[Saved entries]
────────────────────

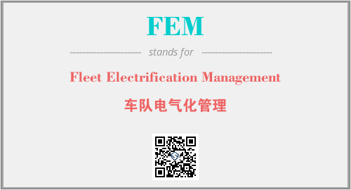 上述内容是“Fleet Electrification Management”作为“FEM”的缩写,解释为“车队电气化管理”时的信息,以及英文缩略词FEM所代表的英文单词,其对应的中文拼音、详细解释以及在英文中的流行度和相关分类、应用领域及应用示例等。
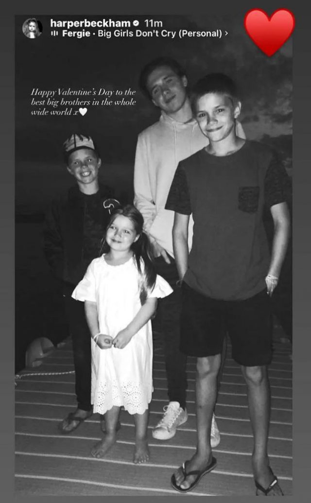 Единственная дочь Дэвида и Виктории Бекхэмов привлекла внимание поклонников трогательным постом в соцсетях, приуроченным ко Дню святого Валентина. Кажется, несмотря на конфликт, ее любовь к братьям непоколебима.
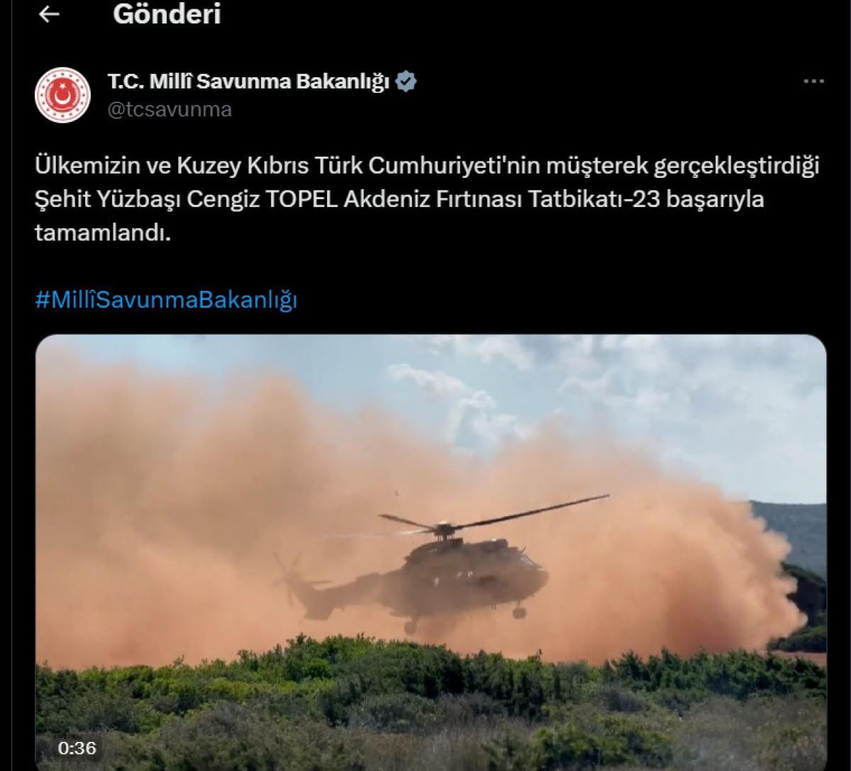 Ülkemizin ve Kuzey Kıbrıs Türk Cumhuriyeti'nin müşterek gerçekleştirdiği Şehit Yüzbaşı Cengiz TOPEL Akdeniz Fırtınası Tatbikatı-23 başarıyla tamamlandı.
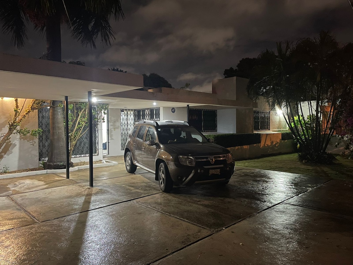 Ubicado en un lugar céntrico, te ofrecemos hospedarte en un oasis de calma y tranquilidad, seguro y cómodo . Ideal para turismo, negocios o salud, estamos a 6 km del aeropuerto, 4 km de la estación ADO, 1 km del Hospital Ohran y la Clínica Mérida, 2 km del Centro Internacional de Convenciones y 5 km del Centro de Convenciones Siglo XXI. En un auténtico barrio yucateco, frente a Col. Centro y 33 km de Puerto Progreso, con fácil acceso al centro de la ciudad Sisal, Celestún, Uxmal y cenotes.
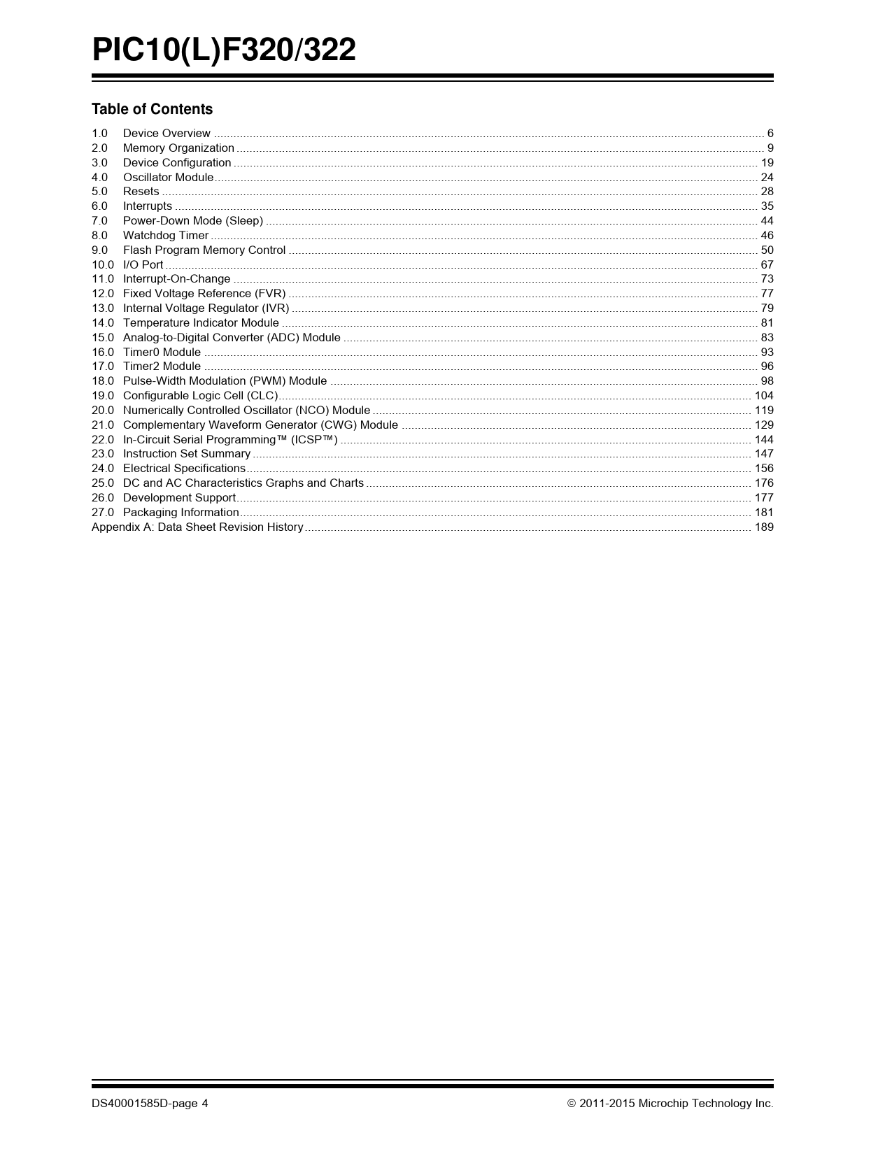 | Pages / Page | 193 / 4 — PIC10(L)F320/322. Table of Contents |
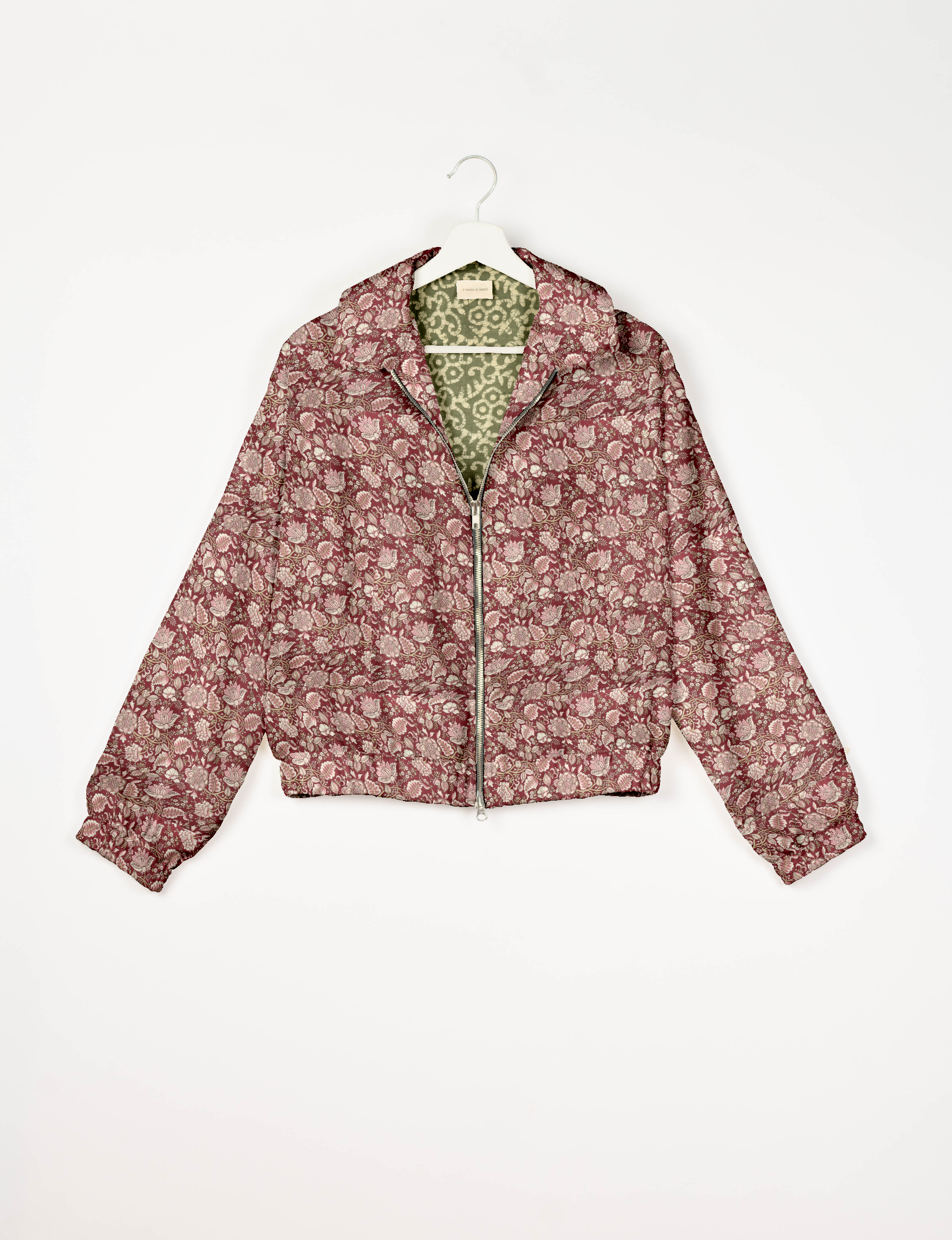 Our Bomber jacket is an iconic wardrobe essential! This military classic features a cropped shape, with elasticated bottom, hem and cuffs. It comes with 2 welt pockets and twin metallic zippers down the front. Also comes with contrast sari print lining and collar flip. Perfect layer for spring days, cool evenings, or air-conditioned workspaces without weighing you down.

────────────────────

*WHAT YOU NEED TO DO*:
Go through the data above and print exactly the lines from its first line through the line holding "Ülkemizin ve Kuzey", both included, leaving pictures aside.

*EXERCISE RESPONSE*:
 上述内容是“Fleet Electrification Management”作为“FEM”的缩写,解释为“车队电气化管理”时的信息,以及英文缩略词FEM所代表的英文单词,其对应的中文拼音、详细解释以及在英文中的流行度和相关分类、应用领域及应用示例等。
 Единственная дочь Дэвида и Виктории Бекхэмов привлекла внимание поклонников трогательным постом в соцсетях, приуроченным ко Дню святого Валентина. Кажется, несмотря на конфликт, ее любовь к братьям непоколебима.
 Ülkemizin ve Kuzey Kıbrıs Türk Cumhuriyeti'nin müşterek gerçekleştirdiği Şehit Yüzbaşı Cengiz TOPEL Akdeniz Fırtınası Tatbikatı-23 başarıyla tamamlandı.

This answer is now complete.